HaploVL: A Single-Transformer Baseline for Multi-Modal Understanding

The University of Hong Kong ARC Lab, Tencent Tsinghua University

Abstract

Recent advancements in large language models (LLMs) have significantly propelled the development of large multi-modal models (LMMs), highlighting the potential for general and intelligent assistants. However, most LMMs model visual and textual modalities separately, leading to recent efforts to develop native LMMs using one transformer. Despite the promise, these native models are resource-intensive and often exhibit performance gaps compared to their compositional counterparts. To alleviate this issue, we propose a simple yet efficient method to construct a baseline for the native and end-to-end large multi-modal model in a single transformer. First, we propose a new multi-modal transformer model that can fuse multi-modal inputs in the early stage and respond to visual instructions in an auto-regressive manner. Second, we devise an efficient training recipe for the proposed model, which harnesses the prior knowledge of the pre-trained models, addressing both the performance limitations and the challenge of resource consumption. The proposed model demonstrates superior performance compared to other LMMs using one transformer and significantly narrows the performance gap with compositional LMMs.

Method

Model Architecture:

Method Illustration

Figure 1: The model architecture. A single transformer is used to process multi-modal sequences. Bidriectional mask is utilized for visual tokens and causal mask is utilized for textual tokens.

Training Receipe:

Method Illustration

Figure 2: The training pipeline of our HaploVL. During the pre-training stage (a), the pre-decoder is trained by distilling knowledge from the pre-trained vision encoder and the text embeddings of the LLM. Heads and teacher models are dropped after pre-training. In the full fine-tuning stage (b), the entire model is fine-tuned using visual instruction data.

Results

Main results

Main results

Table 1: Comparison on multi-modal benchmarks. `*' denotes images of related training datasets are observed during training. HaploVL-8B-MI is the model further fine-tuned on multi-image datasets.

Ablation study

Ablation for different LLMs, resolution, and visual instruction data:

ablation study

Table 2: Ablation for different LLMs, resolution (Res.), and visual instruction data (Data-S3). `*' denotes that images from training datasets are used during training.

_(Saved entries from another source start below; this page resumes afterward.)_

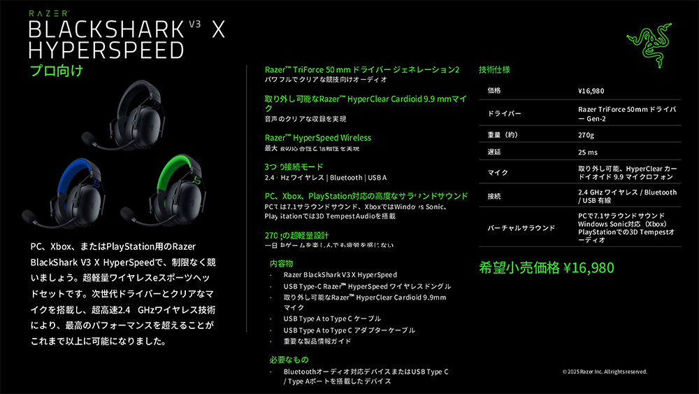 Razerのゲーミングヘッドセット「BlackShark V3」シリーズが発売、計3モデル(17/19)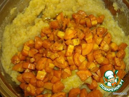 Соединяем гороховое пюре с обжаренной морковкой, перемешиваем.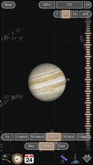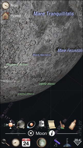 月や惑星のテクスチャーも美しく拡大表示が楽しいプラネタリウムとなっています。衛星にも主要なものにはテクスチャーがついています。宇宙旅行機能もありますので、太陽系内を自由に飛び回れます。
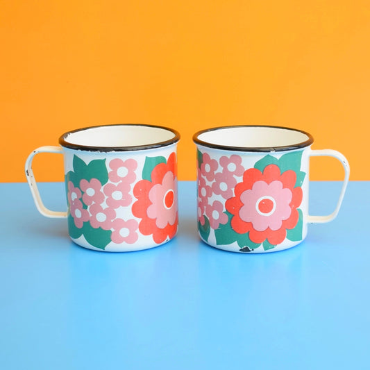 Vintage 1960s Enamel Mug - Finel Arabia - Elisa- Pink Flower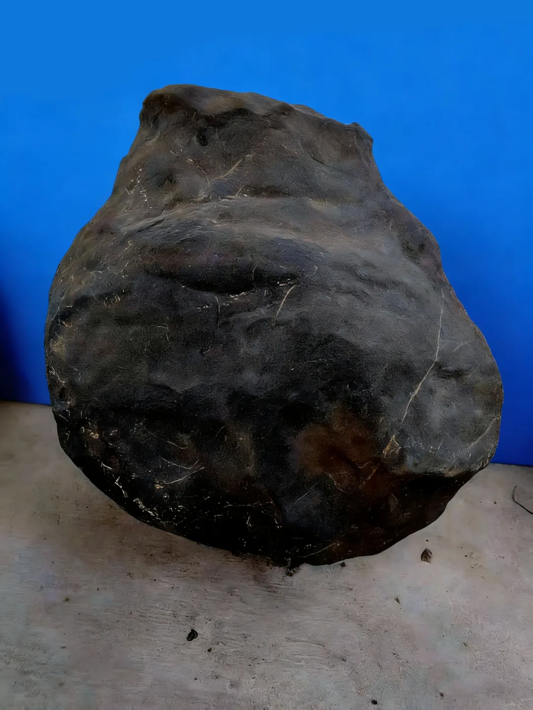 形态:典型的冬瓜形,整体形态规整,两端略尖、中部饱满,轮廓流畅,无明显变形,是陨石定向陨落过程中,受大气层气流作用形成的典型形态;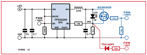 利用 PWM 進行調(diào)光作為一個示例,我們將會看到一些使用 TPS62260 實施 PWM 控制的方法。TPS62260 是一款同步降壓轉(zhuǎn)換器,其具有集成的開關(guān) 元件,典型的時鐘頻率為 2.25MHz。在圖 2 的電路中,我們以黑色顯示了將 PWM 信號直接連接至 EN(使能)引腳的可能性。整個開 關(guān)調(diào)節(jié)器電路和 PWM 信號一起開啟和關(guān)閉。在我們實驗中的試驗表明,在這種配置中,我們可以使用一個高達 100Hz 的 PWM 頻 率。這種排列的優(yōu)點是其簡易性:不需要額外的組件。另外,它還是最為高效能的實施方法,因為該開關(guān)調(diào)節(jié)器在關(guān)閉時僅產(chǎn)生非 常少的靜態(tài)電流。其缺點是,LED 對使能引腳上高電平的反應(yīng)被延遲。這是因為開關(guān)調(diào)節(jié)器具有一種“軟啟動”功能:當器件被開啟時 ,輸出電流逐漸上升,直到其達到額定的 LED 電流。在一些應(yīng)用中,這種上升斜坡可能會存在一些問題,因為 LED 發(fā)光的波長隨電 流從其最小值到正常工作電平的逐漸增強而變化。例如,在一個 DLP 投影儀或 LCD 電視面板的 LED 背光燈中,這種變化可能是我 們無法接受的。但是,就這個示范項目而言,肉眼無法看到這種影響。在第二個變量中(圖 2 中紅色所示部分),PWM 信號通過一個小信號二極管被耦合至 TPS62260 的誤差放大器輸入端。在本電路 中,一個施加于控制輸入端的超過 600mV 的正電壓會使誤差放大器輸入驅(qū)動過度,并由此關(guān)閉 LED。由于這個電路沒有使用使能 輸入,因此它不具有與調(diào)節(jié)器軟啟動功能相關(guān)的啟動延遲,且 LED 被極為快速地開啟和關(guān)閉。因此,上述電流斜坡所帶來的輸出波長變化在本結(jié)構(gòu)中小到可以被忽略不計。另外,我們在實驗室里發(fā)現(xiàn),PWM 頻率可以上升 到 5kHz。圖 2 中藍色部分顯示了第三種可能性。這里的 PWM 信號被用于控制線連至 LED 的 MOSFET。MOSFET 使 LED 短路,并允許其 被更加快速地開啟和關(guān)閉。該調(diào)節(jié)器運行在恒定電流模式中,而且電流將會流經(jīng) LED 或者 MOSFET。這種方法的一些缺點包括 MOSFET 帶來的額外成本以及低效能:在 2Ω 電流感應(yīng)電阻器中會有高達 180mW 的功率被不斷耗散掉。其優(yōu)點是較高的開關(guān)頻率: 在一些實驗中,我們看到 TPS62260 可以成功運行在 50kHz PWM 頻率的狀態(tài)下。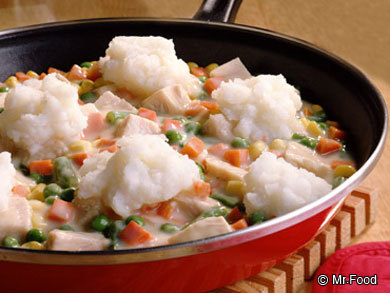 Make it even easier by using packaged pre-cooked sliced chicken and instant mashed potatoes.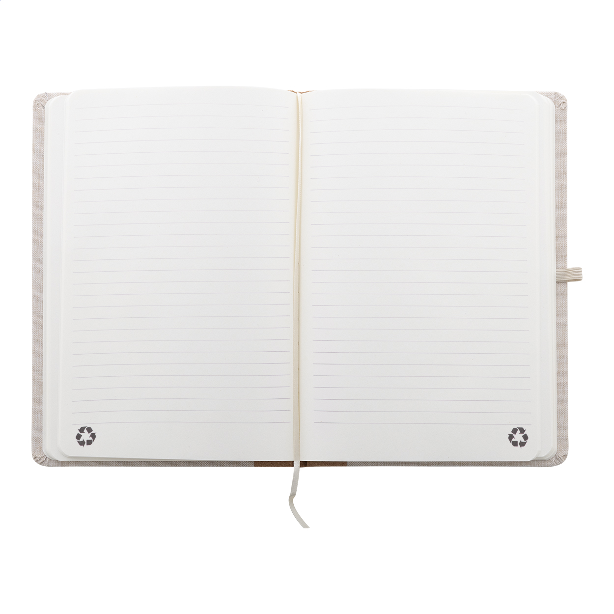 Quaderno formato A5 con copertina in poliestere RPET, dorso in sughero naturale, 80 fogli a righe in carta riciclata, segnalibro, elastico in gomma e portapenne.

    🌟 A more advanced language model delivers significantly superior results.
    🌟 Higher input resolution enhances performance, as the LMM can capture finer-grained visual details.
    🌟 Expanding the visual instruction tuning data leads to substantial improvements by enriching the LMM's knowledge.

Ablation for pretraining stage (stage 1):

ablation study

Table 3: Ablation for pretraining stage.

    🌟 pretraining stage accelerates the convergence process.

Compared with the compositional LMM using the same LLM and training data:

ablation study

Table 4: Comparison with LLaVA-1.5-7B on MMVP and MMStar. CP: coarse perception, FP: fine-grained perception, IR: instance reasoning, LR: logical reasoning, ST: science and technology, and MA: mathematics.

case study

Figure 3:Qualitative comparison of LLaVA-1.5-7B and our HaploVL-7B. The first line involves cases about fine-grained perception. The second line includes cases of logical reasoning that depend on fine-grained perception.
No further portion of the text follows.